Отнюдь не омрачая воспоминаний о матери, фантастические обстоятельства ее смерти сослужили ей немалую службу. Поразивший ее удар оставил от нее картину из пляски смерти, не имеющую ничего общего с матерью, о которой они горевали. С другой стороны, у таких чистых, таких диких созданий ушедшая, оплаканная по привычке, рискует быстро вылететь из памяти. Приличия им неведомы. Ими движет животный инстинкт, а сыновний цинизм животных общеизвестен. Однако детская нуждалась в необычайном. Необычайность этой смерти защищала покойницу, как варварский саркофаг, и по тем же законам, по которым в детской памяти важное событие удерживается благодаря какой-нибудь смешной подробности, обеспечивала ей почетное место в небе сновидений.
Рецидив Поля оказался долгим и вызывал серьезные опасения. Сиделка Мариетта принимала свои обязанности близко к сердцу. Доктор сердился. Он предписывал тишину, спокойную обстановку, усиленное питание. Он заходил, давал указания, деньги на расходы, и возвращался, чтобы проверить, как его указания исполняются.

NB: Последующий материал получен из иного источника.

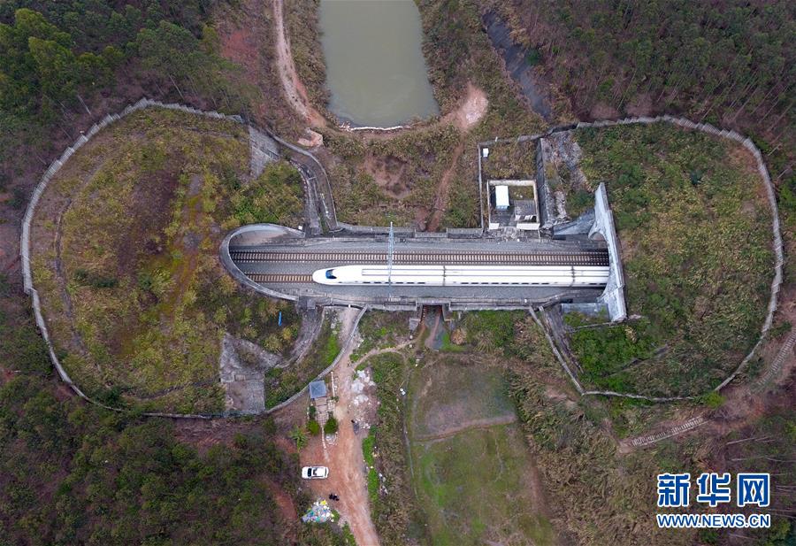 一列動(dòng)車(chē)穿越南寧郊區(qū)一處隧道(2月11日無(wú)人機(jī)拍攝)。 廣西壯族自治區(qū)成立60年來(lái),鐵路建設(shè)發(fā)生翻天覆地的變化。來(lái)自中國(guó)鐵路南寧局集團(tuán)有限公司的數(shù)據(jù)顯示,1958年廣西鐵路總里程為1346.3公里,如今廣西鐵路總里程達(dá)5191公里。廣西與周邊相鄰省份間實(shí)現(xiàn)動(dòng)車(chē)“公交化”開(kāi)行。此外,北部灣港—重慶班列、東盟海產(chǎn)品冷鏈班列、“百色一號(hào)”果蔬專(zhuān)列等的開(kāi)通和運(yùn)營(yíng),強(qiáng)化了鐵路供給的針對(duì)性和有效性。鐵路成為助推廣西經(jīng)濟(jì)社會(huì)快速發(fā)展的“大動(dòng)脈”。 新華社記者陸波岸攝

Элизабет, сперва дичившаяся и готовая к отпору, в конце концов оставила сопротивление, не устояв перед пухлым румяным лицом, седыми кудряшками и преданностью Мариетты. Преданность же ее была безгранична. Обожающая своего внука, который жил в Бретани, эта бабушка, эта невежественная бретонка умела читать иероглифы детства.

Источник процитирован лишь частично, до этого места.